OKUL KAYGISI

Okul kaygısı aynı zamanda okul korkusu olarak da adlandırılmaktadır. Öğrencilerin okulda huzursuz olması, okula gitmek istememesi ve bazı hastalık belirtileri göstermesidir.

Okul korkusu anaokuluna giden, ilkokula başlayan çocuklarda sık görülür. Çocuk birdenbire okula gitmek istemez; zorlamalar karşısında iç sıkıntısı hisseder, paniğe kapılır, midesi bulanır, kusar, ağlar, gitmemekte direnir. Bazı çocukların yarı yoldan döndüğü ya da okuldan eve geldiği görülebilir.

Bu belirtiler günlerce sürebilir.
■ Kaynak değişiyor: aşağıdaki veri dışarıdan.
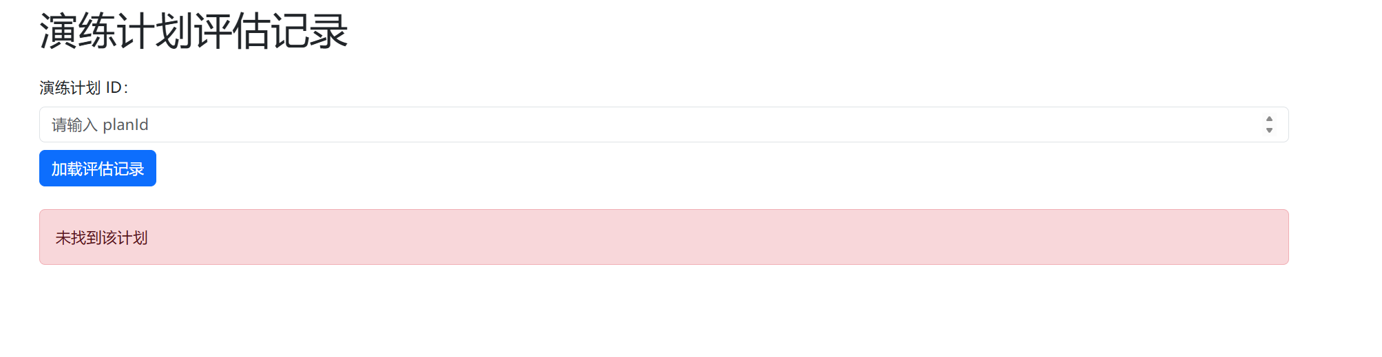 5.最新做好的功能 (1)实现演练评估反馈模块的第一阶段功能 输入计划ID查找对应的计划: 若未输入计划ID或者输入的计划ID不存在会提示未找到该计划 输入存在的计划ID,加载其评估结果

Çocuk neşesizdir, heves ve enerji kaybı görülebilir, okula gitmemek için çeşitli bahaneler bulabilir, uyku, yeme problemleri görülebilir ve bütün bunlara alıngan ve sinirli bir tablo eşlik edebilir. Okul korkusu aslında pek çok durumun sonucunda ortaya çıkabilir. Okula yeni başlayan çocuklarda nedeni genelde ayrılma kaygısıdır. Ayrılma kaygısında çocuk, annesinden veya diğer bakım veren kişilerden ayrıldığında, ayrılma olasılığı olduğunda veya ayrılacağını düşündüğünde aşırı tepkiler verir.

Okul korkusu gelişen çocuklar genellikle başarı kaygısı olan, uslu, uyumlu, aşırı onay bekleyen, ailesine bağımlı çocuklardır. Bozukluk sıklıkla bir yakının ya da evcil hayvanın ölmesi, okul değişimi, kardeş doğumu, taşınma, boşanma vb. stresli bir yaşam olayından sonra başlar. Aşırı koruyucu ana baba tutumları bu tabloya eşlik edebilir.

  • Ana yada baba ebeveyn tutumlarında çocuğun kendilerine bağımlı ve bağlı yetişmesini istemekte ve bunu desteklemektedirler.
  • Ana baba çocuğa okulda ya da yolda bir şey olmasından endişe etmektedirler.
  • Çocuk kendi yokluğunda anne babasına bir şey olacağından ya da onu bırakıp gideceklerinden korkmaktadır.
  • Çocuk anne ve babasının yokluğunda kendisine bir şey olacağından korkmaktadır.
  • Ayrılma kaygısı olan çocuklar için iyileşme süreci çocuk, aile ve okul çevresini kapsayan biçimde planlanmalı, destekleyici yaklaşım, psikoeğitim, bilişsel davranışçı terapi ve oyun terapisi girişimlerini içermelidir.

Ayrılma kaygısına sahip olan çocuk okula gitmediği için suçlanmamalı, bu durumun normal olabileceği ve birçok çocukta görülebileceği çocuk 3-11 yaş arasında ise oyun, hikaye, kukla terapisi yoluyla anlatılması sağlanabilir.Okula aile üyelerinden biri ile gitmesi çıkışa kadar okulda kalması ve bu desteğin kademeli olarak azaltılması sağlanabilir.